Abu Dhabi, UAESaturday 23 June 2018

Scandals to learn from: Enron, GE, Crazy Eddie

Companies with multiple subsidiaries are at risk of hiding negative financial results in the books of the subsidiaries

Lessons can be learned from the mistakes of firms such as General Electric. Richard Drew/AP
Lessons can be learned from the mistakes of firms such as General Electric. Richard Drew/AP

They say that those who fail to learn from history are doomed to repeat it.

Let’s learn from the world’s worst financial scandals so that we may avoid repeating them.


Enron is by far the most interesting modern day scandal to look at. Why? Because Enron’s bankruptcy on December 2, 2001, led to the destruction of Arthur Andersen, one of the big five audit firms that also included KPMG, PwC, Ernst & Young, and Deloitte. More frightening, it is credited with triggering the 2002 Sarbanes-Oxley (SOX) Act of US Congress. SOX sought, quite forcefully, to improve transparency and protect investors.

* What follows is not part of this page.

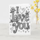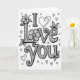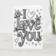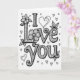 This card centers on the words “I Love You” in large black letters on a white background. The lettering is all capitals, with strong outlines and lots of tiny details drawn inside each letter. You’ll notice curling lines, small dots, and decorative flourishes filling the shapes, almost like little patterns you can keep discovering. Flowers and leafy stems weave around the text, including a full blossom sitting near the top of the “L” in “Love.” Small hearts are sprinkled around the words in different sizes, adding a sweet, affectionate touch 🥰. The simple black-and-white look keeps the focus on the message, which can feel direct and sincere when you want your feelings to be clear ❤️. It’s a meaningful card to give because it pairs a straightforward “I Love You” with careful details that show you truly care. Hope it helps you share your Valentine’s Day sentiments with someone special.

There were, in my opinion, three main issues that led to Enron’s bankruptcy. The first was the use of special purpose entities, think of them as companies, to hide debt. This is related to the issue of having multiple related companies or, worse, deconsolidating subsidiaries so that their books do not show up on the parent’s books, allowing the parent to hide liabilities in the subsidiary that are not transparent in Enron’s books. The second issue was revenue recognition. There were multiple problems but the main one was Enron generating revenue by entering into artificial transactions with its subsidiaries. The final issue is basically “wasta,” Enron successfully lobbied for its energy trading arm to be exempt from financial regulation.

General Electric

General Electric (GE) has always been viewed as a blue chip global conglomerate. However, in 2009 the Securities and Exchange Commission, America’s main market regulator, fined GE US$50 million for fraud. GE was accused of manipulating its earnings in multiple ways. One was the recognition of revenue from the sale of locomotive and aircraft spare parts before the actual sale was effected. Another was an interesting accounting irregularity in managing the volatility of GE’s interest rate swaps: GE would classify an interest rate swap as a hedge or not, only after it became clear what would have the least impact on earnings. This is illegal. The astounding thing about the GE scandal was that it took four years and cost them an estimated US$200m in lawyer’s fees. The impact of reversing these false profits was also about $200m. If GE, that blue chip of blue chips, can stumble in this way then what company is immune?

Crazy Eddie

If you were in the US in the 1980’s or early 1990’s then you have probably heard of Crazy Eddie, a consumer electronics chain. His jingle was “Crazy Eddie, his prices are insane!” The initial fraud perpetuated by Eddie Antar, the titular Eddie in Crazy Eddie, was basic; mostly the skimming of cash. But that was a fraud on the tax collectors. The fraud on the public, however, is what is instructive for the GCC. Eddie decided to IPO his stores and to get a higher price he did two things. First he slowly decreased his skimming so that the profit margin for the company looked like it was going through the roof. But the true criminal innovation was that Eddie used the money he had skimmed to generate fake sales, boosting both revenue and profit. This boosted the IPO price.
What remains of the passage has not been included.